I think the biggest issue is that you'd have to account for varying load
on the box. If we assume that the database is the only thing running on
the box, we might be able to do that by looking at things like how much
IO traffic we generated (though of course OS caching will screw with
that).

Actually, that's another issue... any plans run after the first one will
show up as being artificially fast, since there will be a lot of extra
cached data.

Yes, caching issues prevent you from using wall-clock time. We could instrument the code to count the number of rows vs. the number predicted for each internal join, from which new cost estimates could be generated.

Perhaps you can check my reasoning for me: I'm imagining a query which computes AxBxCxD, where A, B, C, and D are actual tables. I'm also imagining that the planner always chooses AxB first, then joins on C, then joins on D. (It does so because the single-table statistics suggest this as the best course of action.) It might be that AxD is a really small metatable, much smaller than would be estimated from the statistics for A independent of the statistics for D, but AxB is pretty much what you would expect given the independent statistics for A and B. So we need some way for the system to stumble upon that fact. If we only ever calculate cross-join statistics for plans that the system chooses, we will only discover that AxB is about the size we expected it to be. So, if the actual size of AxB is nearly equal to the estimated size of AxB, the system will continue to choose the same plan in future queries, totally ignorant of the advantages of doing AxD first.

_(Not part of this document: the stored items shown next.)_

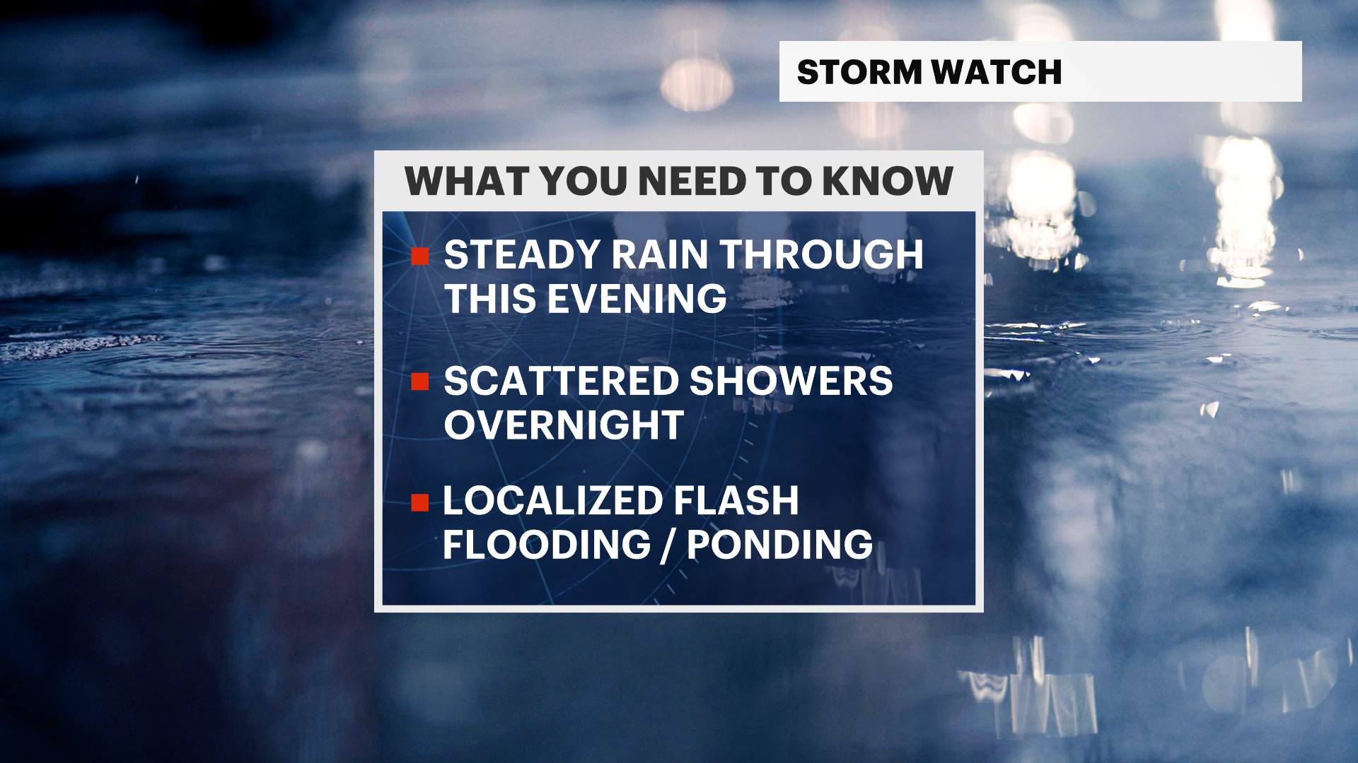 Storm Watch Team Meteorologist Darryl Green says rain will subside early tomorrow morning. Sunshine returns Thursday into the weekend with temps in the 80s.
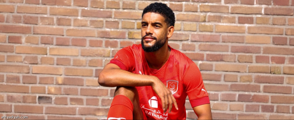 الكاميروني جان شارل كاستيليتو بقميص الدحيل القطري عقب إعلان التعاقد، الخميس (المركز الإعلامي - الدحيل)
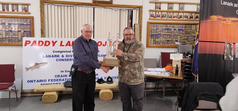 The Lanark & District Fish & Game Conservation Club again had a very successful Potluck Dinner and Awards Night on Saturday, March 22, 2025. The event was held at the Royal Canadian Legion in Lanark. 52 adults and 5 children consisting of Club members, family and friends enjoyed a great meal. The food, plentiful and delicious, the deserts amazing. A huge THANK YOU to all that contributed.
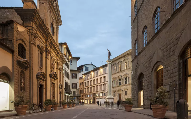 Join us on a journey into the heart of the Renaissance, starting with the elegance of Via Tornabuoni and the perfection of Palazzo Strozzi. We'll continue admiring the magnificence of the Odeon Theater, a true 20th-century jewel steeped in history, before reaching Piazza della Repubblica, the beating heart of the city.
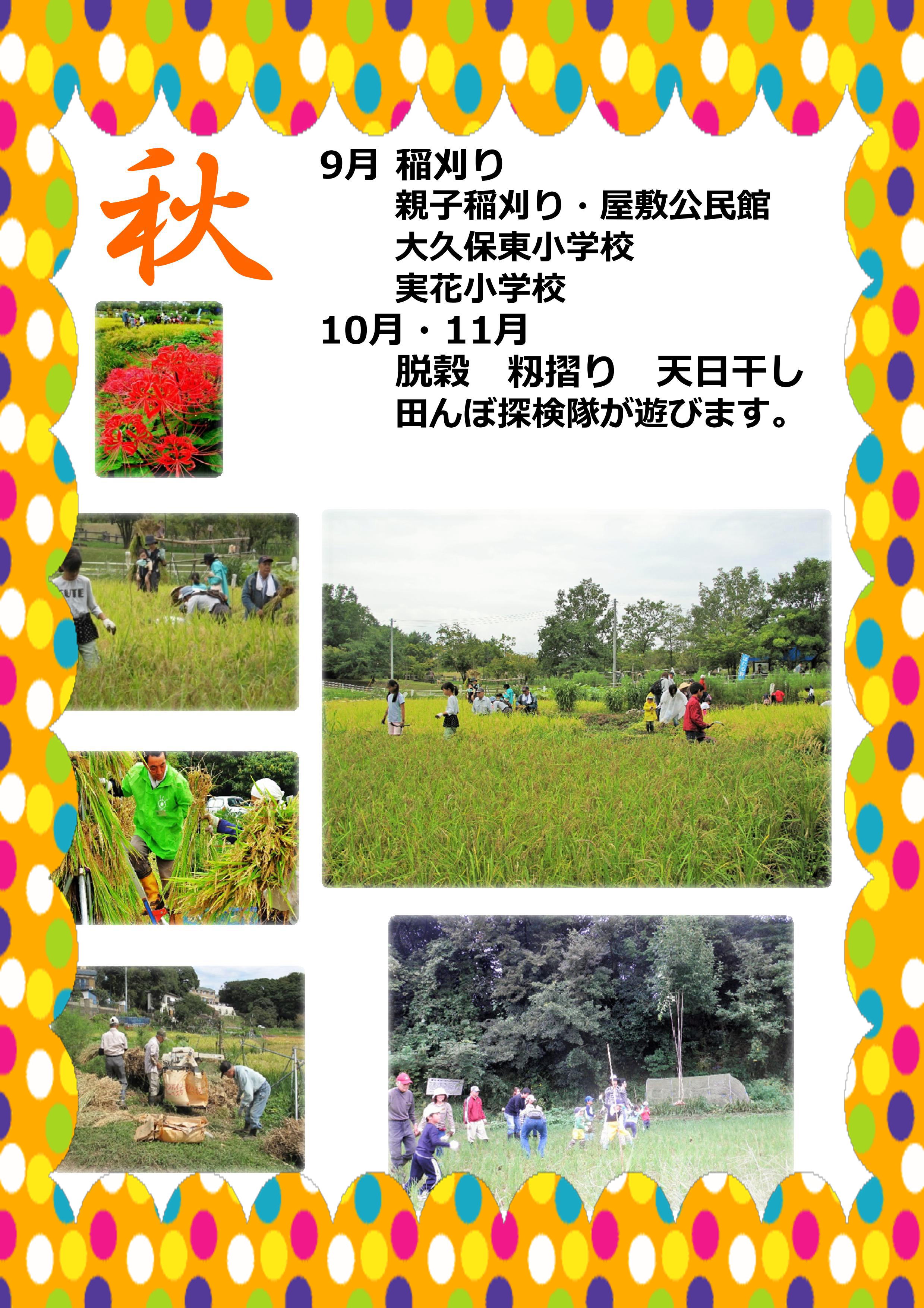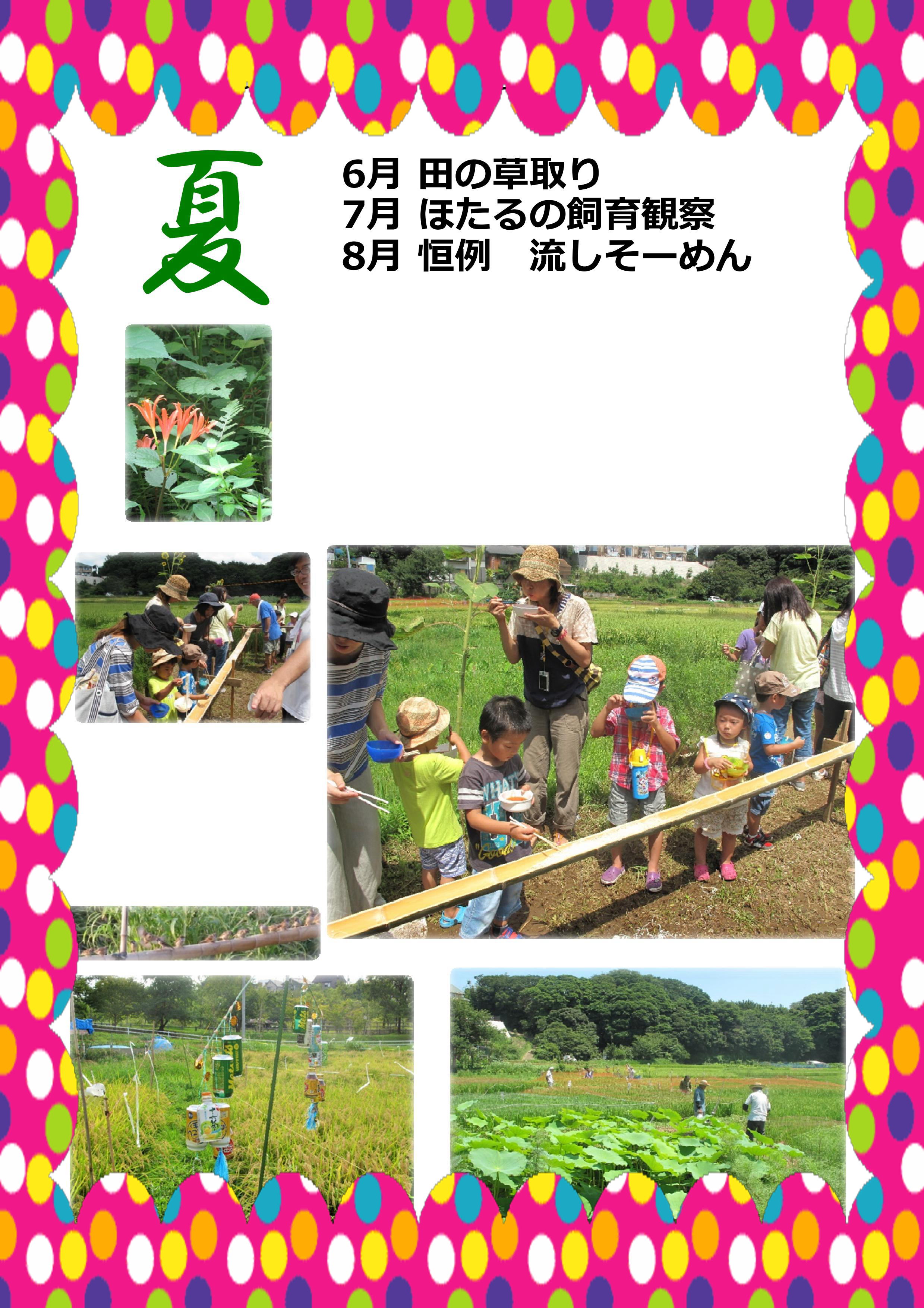<5月 鯉のぼり>    <5月 田植え>    <8月 流しそうめん>    <9月稲刈り>    <12月 餅つき>
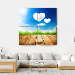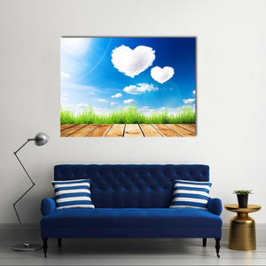 This artwork captures heart-shaped clouds floating in a serene blue sky, surrounded by green grass and a wooden deck. Its romantic and peaceful vibe makes it an ideal choice for bringing a gentle touch of nature into your space.
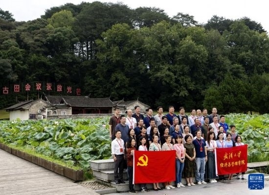 8月29日,來自武漢大學(xué)經(jīng)濟(jì)與管理學(xué)院的培訓(xùn)團(tuán)隊(duì)在古田會議會址前合影。

That last paragraph is my reasoning for suggesting that the system have a mode in which it runs the "runner-up #1", "runner-up #2", etc sorts of plans. Such a mode could force it down alternate paths where it might pick up interesting statistics that it wouldn't find otherwise.

This idea could be changed somewhat. Rather than running the other plans, we could just extract from them which alternate joins they include, and consider also calculating those join statistics.